We’ve never been good at predicting the nitty gritty of the job market (who could have thought of the term community manager 20 years ago?). But we are pretty good at predicting mega-trends (for example, 20 years ago we knew we’d all be working with computers by 2015).

So what’s the mega-trend for 2030? Robots. They’ll be doing your job. But it’s not all bad news. For one thing, robots might be an improvement; we already know robots are better managers than people, and they will probably be better at plenty of other tasks as well.

A growing workforce of robots leaves people only the most interesting jobs. Those jobs will require people who are cross-disciplinary thinkers and do not need a clear path. For example, dismantlers will be in demand—for dismantling things like healthcare, universities, and the tax code.

Here are ways to start shifting your thinking so you can survive the workforce competition robots will bring.

1. Downplay networking skills.
The Internet democratizes information that used to be under lock and key. It used to be that if you wanted to get access to cutting-edge ideas in technology, you needed an invitation to an exclusive conference like TED, or to attend a university like MIT. Today, TED lectures and MIT courses are available free online. Your access to knowledge only used to be limited by the scope of your network.

In the coming years, Auren Hoffman predicts that who you know will be much less important than what you know. Because you have access to all information—you don’t need to know the gatekeepers. But when you have specialized, deep knowledge, people will seek you out.

2. Seek the deep knowledge that one has to dig to uncover.
But you do need to understand information in terms of fluid intelligence, which is the ability to manipulate information to solve problems and generate ideas.

If you use technology to replace cognitive skills—like, typing into google 6×120= instead of doing it in your head—then technology might actually make you dumber. But if you use technology to make yourself do challenging, difficult things, then you enhance your fluid intelligence.

This is why hard-core gamers do better in adult life than casual gamers. And it’s also why you are better off obsessing over beating a very complicated game than you are reading random articles on Wikipedia, even if they are related to history, sociology, anthropology, or other serious fields. In his book Curious, Ian Leslie argues that we need to cultivate “epistemic curiosity”—not a scattered quest for novelty, but a focused, disciplined commitment to mastering new terrain.

3. Focus on multidisciplinary thinking.
The most significant job growth over the next decade is in big data. We have a lot of data but someone needs to make sense of it. Actually a lot of people need to make sense of it. And there’s a huge shortage of these people. To understand the future of work, you need to understand well what a job like this requires: managing data from disparate sources and drawing new conclusions.

Fast Company explains that this type of thinking is extremely creative: “Your most creative insights are almost always the result of taking an idea that works in one domain and applying it to another.” And this type of thinking feeds on itself:  creative thinking begets more creative thinking.

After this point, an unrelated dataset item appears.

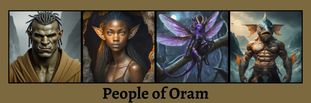 On Oram, creatures are divided into three main categories: Keathra, Umanid, and all the rest. While little is known about the Keathra, who have been nearly eliminated from the world, the Umanids are the “People of Oram.” They come in all shapes and sizes, but they share one special trait: they can all speak Oramische, the unique language of Oram. The other creatures are often simply referred to as monsters or animals, but they are just as varied and numerous as the creatures you find on Earth.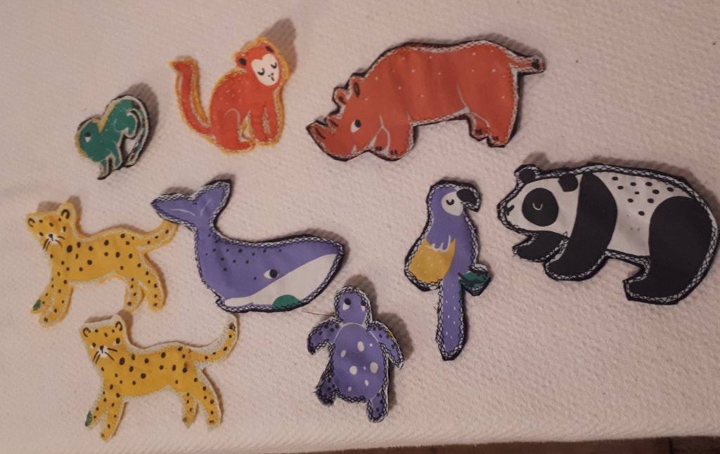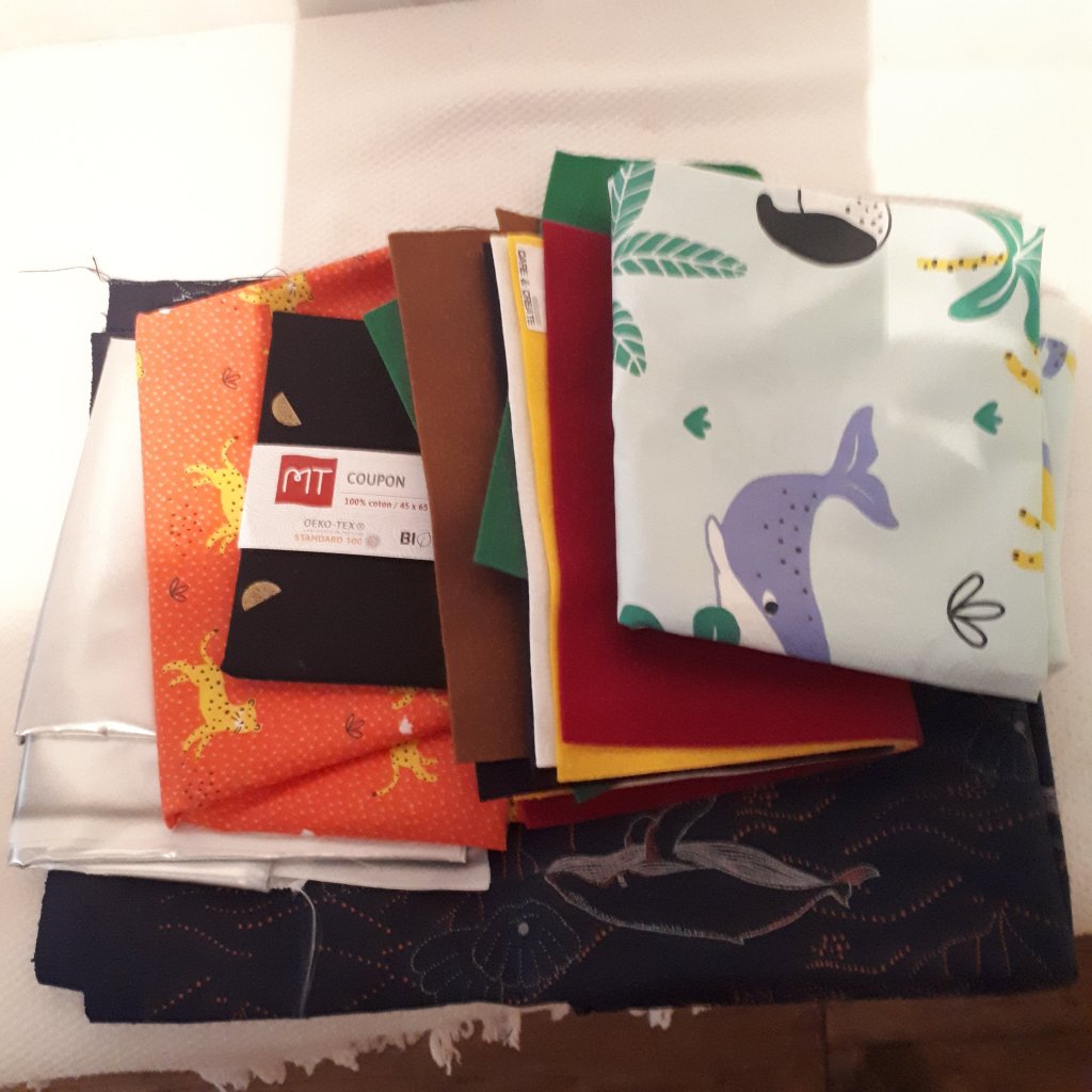 J’ai trouvé dans une des quatre merceries de la Rochelle, un tissu avec de grands motifs d’animaux plutôt exotiques dont je comptais découper les éléments pour un patching avec applications sur le fond, puis j’ai changé d’idée, ce seraient des personnages mobiles attachés au livre comme des marque-pages.

4. Make your brain more theoretical to keep up with the next generation.
However this is not the thinking you learn when you study subject-by-subject discretely. The best way to learn this sort of thinking is the jumpy, non-linear surfing online.

Another thing: the brain is changing. Scientific American reports that on IQ tests, it looks like we are getting smarter, but actually, our brains are simply getting more theoretical. From being online all day, Generation Z will be great theoretical thinkers. For example if you ask someone the relationship between dog and rabbit 100 years ago, they’d answer the dog chases the rabbit—which is straightforward, concrete thinking. If you ask someone today, they’d likely say both are mammals. The decrease in concrete thinking makes generation Z poised to fill the most challenging (and in-demand) jobs over the next fifteen years.

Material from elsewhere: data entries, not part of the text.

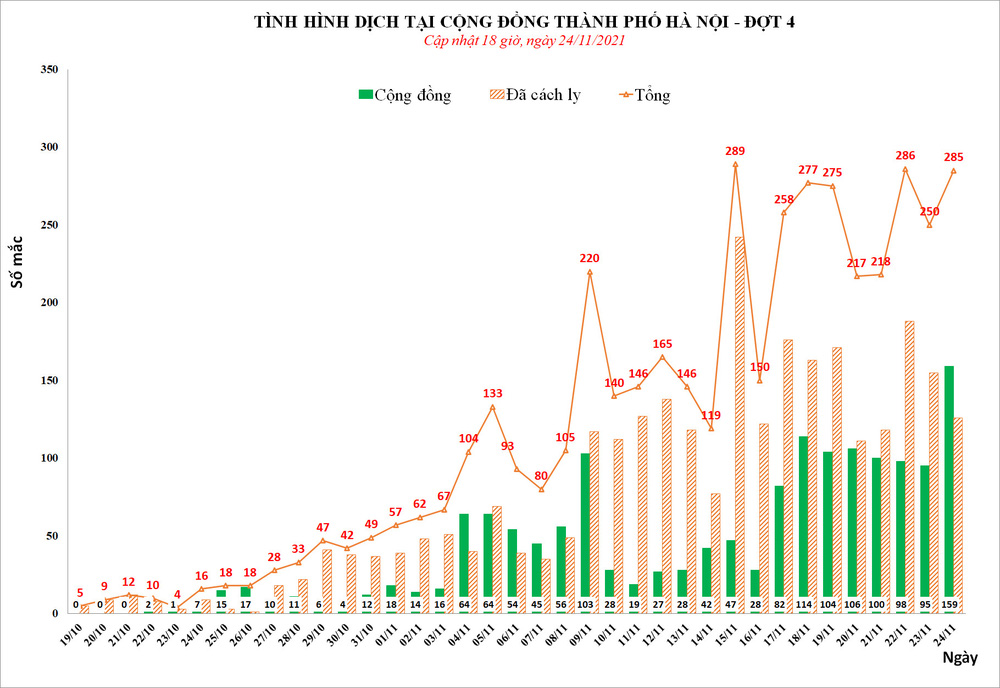 Ngày 24/11, Trung tâm kiểm soát bệnh tật (CDC) Hà Nội cho biết, trong ngày, thành phố phát hiện thêm 285 ca mắc Covid-19, trong đó có 159 ca cộng đồng, 115 ca ở khu cách ly và 11 ca ở khu phong tỏa.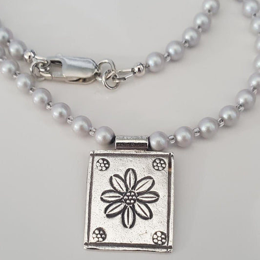 Timeless Gray Pearl Necklace with Sterling Silver Floral Pendant
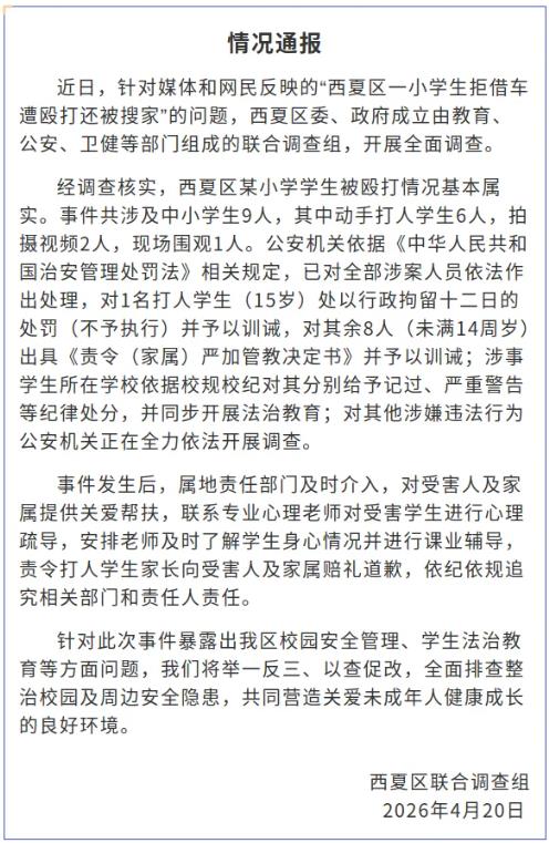 經(jīng)調(diào)查核實,西夏區(qū)某小學學生被毆打情況基本屬實。事件共涉及中小學生9人,其中動手打人學生6人,拍攝視頻2人,現(xiàn)場圍觀1人。公安機關依據(jù)《中華人民共和國治安管理處罰法》相關規(guī)定,已對全部涉案人員依法作出處理,對1名打人學生(15歲)處以行政拘留十二日的處罰(不予執(zhí)行)并予以訓誡,對其余8人(未滿14周歲)出具《責令(家屬)嚴加管教決定書》并予以訓誡;涉事學生所在學校依據(jù)校規(guī)校紀對其分別給予記過、嚴重警告等紀律處分,并同步開展法治教育;對其他涉嫌違法行為公安機關正在全力依法開展調(diào)查。

5. Challenge yourself to get more flexible as you grow older. 

So how do you keep up mentally with generation Z? There’s a lot of advice out there to keep you sharp at work, like saying yes morefocusing on skills rather than jobs, and writing a resume that focuses on your unique way of thinking.

But when it comes to brain plasticity and new ways of synthesizing, one tactic stands above the rest: More screen time. Not passive screen time like a three-hour movie, but the engaged, strategic, deep thinking screen time that comes from hard-core gaming, obsessive research,  and a willingness to read anything trending, with less judgement and more curiosity, and a belief that there’s a better way than the way you already know.

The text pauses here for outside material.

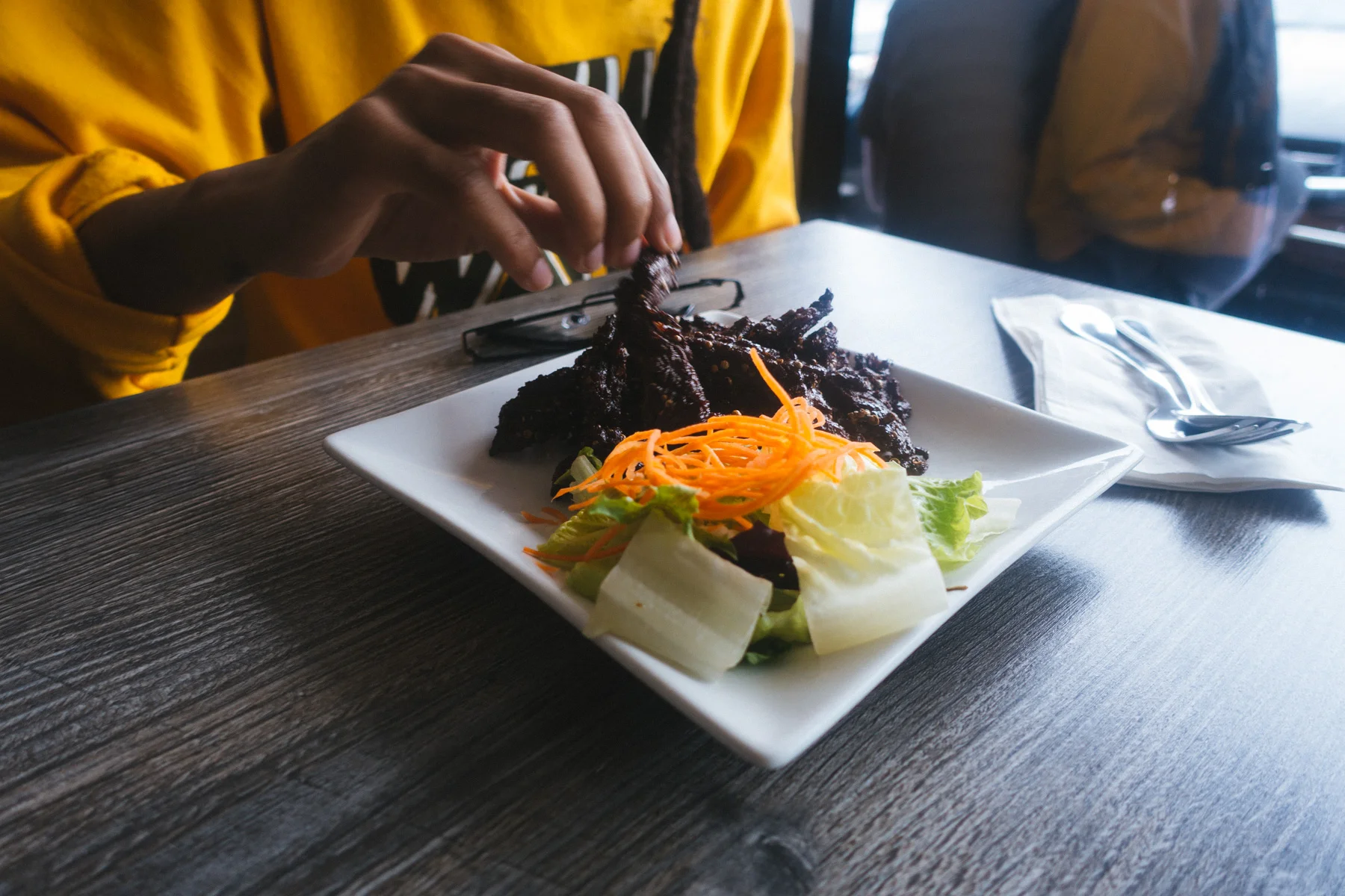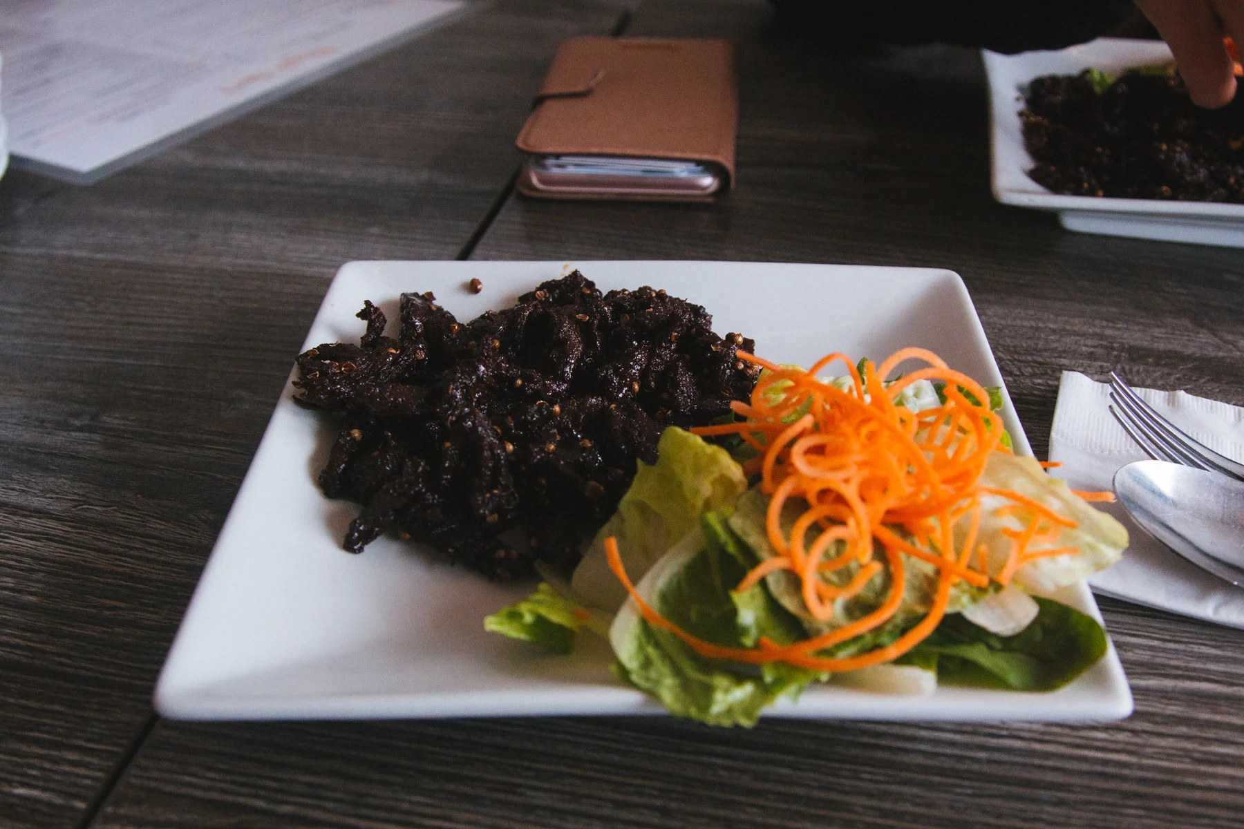 Returned to my favourite, favourite vegan restaurant in LA - Vegan glory! my third time here, and this here is my favourite thing to get there. Vegan Beef Jerky, made from seitan. So delicious. I myself am not vegan, but this is amazing.

Whenever someone new comes to our house, my kids show them videos about older people reacting to the top YouTube videos. Like How to Basic and Llamas with Hats. What my kids like is seeing adults looking disoriented and lost. What I like is watching adults actively trying to figure out the language of the millionaire YouTube celebrities. If you want to know what staying relevant looks like, check out those videos. And hope you are like the adults in these videos:  brave enough to let millions of people see you while you struggle to find your place in the world of Generation Z.